# Spirit Air continues to disappoint



## Ken555 (Nov 7, 2012)

Forget to pay your for your bag in advance? Pay $100.

http://www.cnn.com/2012/11/06/travel/airline-fees-increasing/index.html


----------



## Talent312 (Nov 7, 2012)

One could not pay me to fly this low-rent, high-fee airline.
But if faced with this, trash your bag and buy what you need at your destination.


----------



## persia (Nov 7, 2012)

10 years ago this would have been a horrible airline, but all the airlines services have declined so it just seems pretty much average.  I flew from Boston to Chicago for $28, brought my own water and snaps and lived with their carry on restrictions.  It worked great for me.


----------



## kjsgrammy (Nov 8, 2012)

persia said:


> 10 years ago this would have been a horrible airline, but all the airlines services have declined so it just seems pretty much average.  I flew from Boston to Chicago for $28, brought my own water and snaps and lived with their carry on restrictions.  It worked great for me.

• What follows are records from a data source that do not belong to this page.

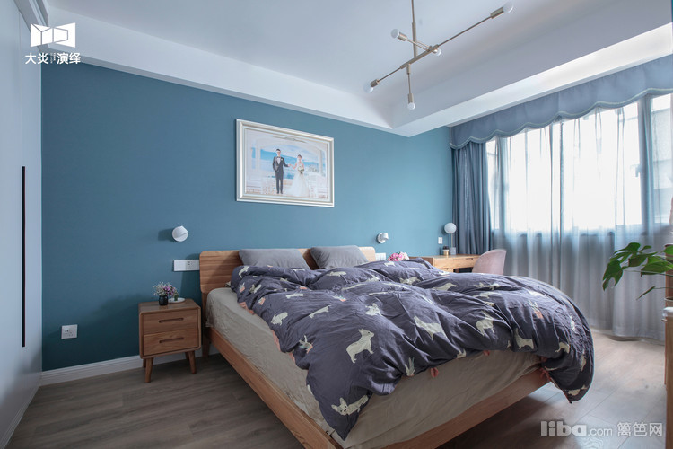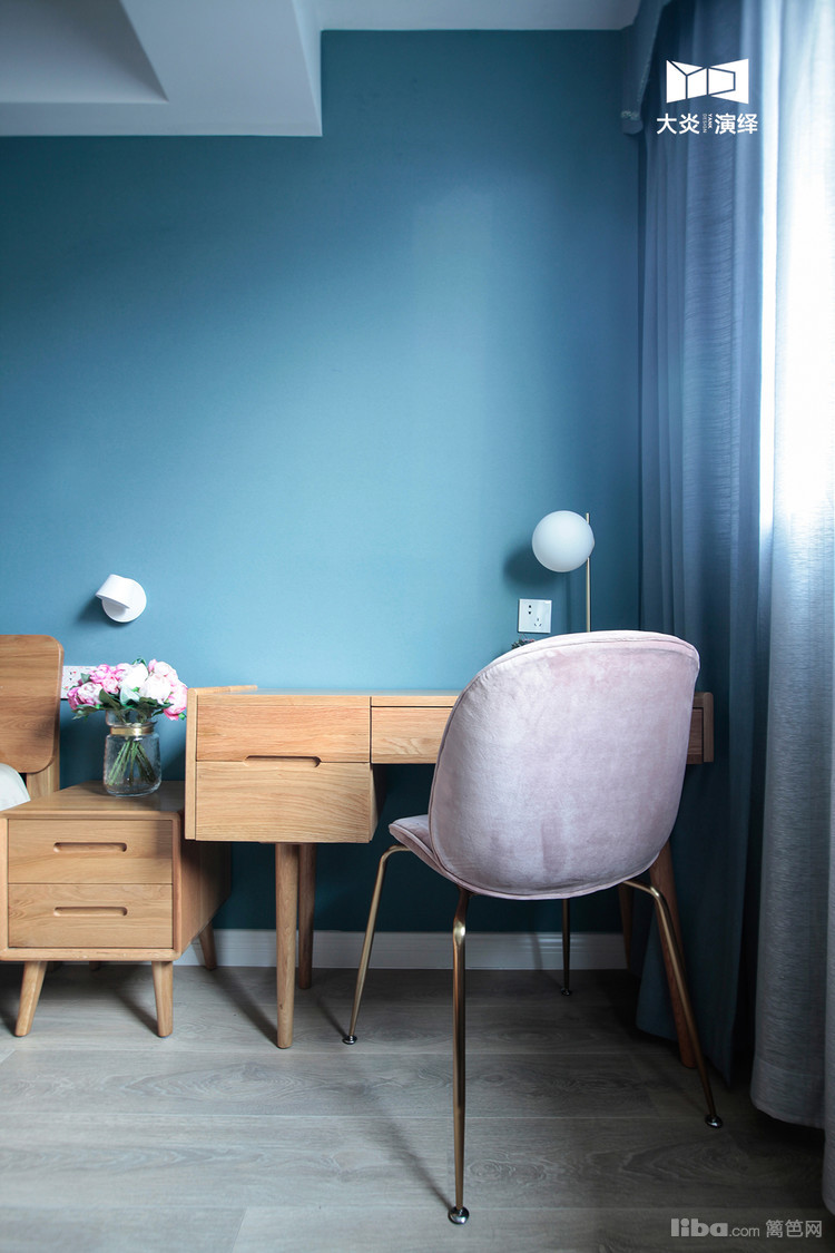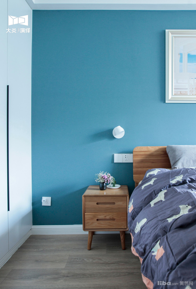 再水泥粉刷,贴网格布等也是一大笔费用,就选择了蓝色墙布做背景,效果也不错哦!
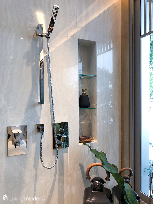ตัวก๊อกน้ำแบรนด์ Gessi จากอิตาลี ซึ่งเหตุผลที่โครงการเลือกแบรนด์นี้ นอกจากเป็นของเกรดพรีเมียมแล้ว เรื่องการดีไซน์ก็โดดเด่น และขั้นตอนการผลิตที่ใส่ใจทุกรายละเอียด คุณภาพแข็งแรง ใช้งานได้ยาวนาน ระบบการไหลของน้ำจากก๊อกมีความสม่ำเสมอ และสามารถควบคุมอุณหภูมิในตัว (Thermostatic) และส่วนยืนอาบฝักบัว Rain Shower
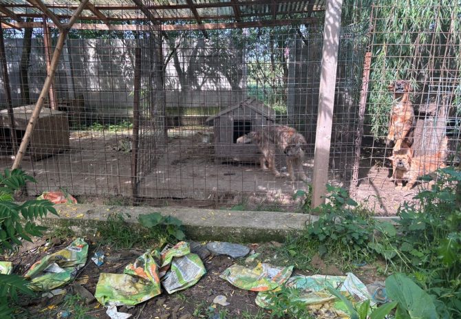 Pisici și câini ținuți în mizerie într-o fostă firmă din Săcălaz. Poliția a intervenit

Agree with above.  We flew with our grandkids last July from Detroit to Tampa and then Orlando back to Detroit - had no problems flying Spirit.  Couldn't beat the price - under $400 total for all four of us, and that included picking our seats, and 2 checked bags both ways.

Is it a "gamble" flying with Spirit - absolutely (in my opinion), but because of the price, I gambled and won (for a change - don't get me around slots though - totally different story :rofl


----------



## Rent_Share (Nov 8, 2012)

The pricing model and program is about getting the plane turned around faster by penalizing behavior.
The market will vote with their feet, either by walking away or towards

Southwest turns their planes by all of the employees working together to "giterdone", IE Flight atendants cleaning the cabin while the plane is still unloading


----------



## Ken555 (Nov 8, 2012)

Glad to hear this works for some of you. I've never flown Spirit, and have absolutely no intention of flying them in future. Their pricing model just doesn't excite me.


----------



## Rent_Share (Nov 8, 2012)

Ken555 said:


> Glad to hear this works for some of you. I've never flown Spirit, and have absolutely no intention of flying them in future. Their pricing model just doesn't excite me.


 
Never have and Never will, just understand what they are trying to do.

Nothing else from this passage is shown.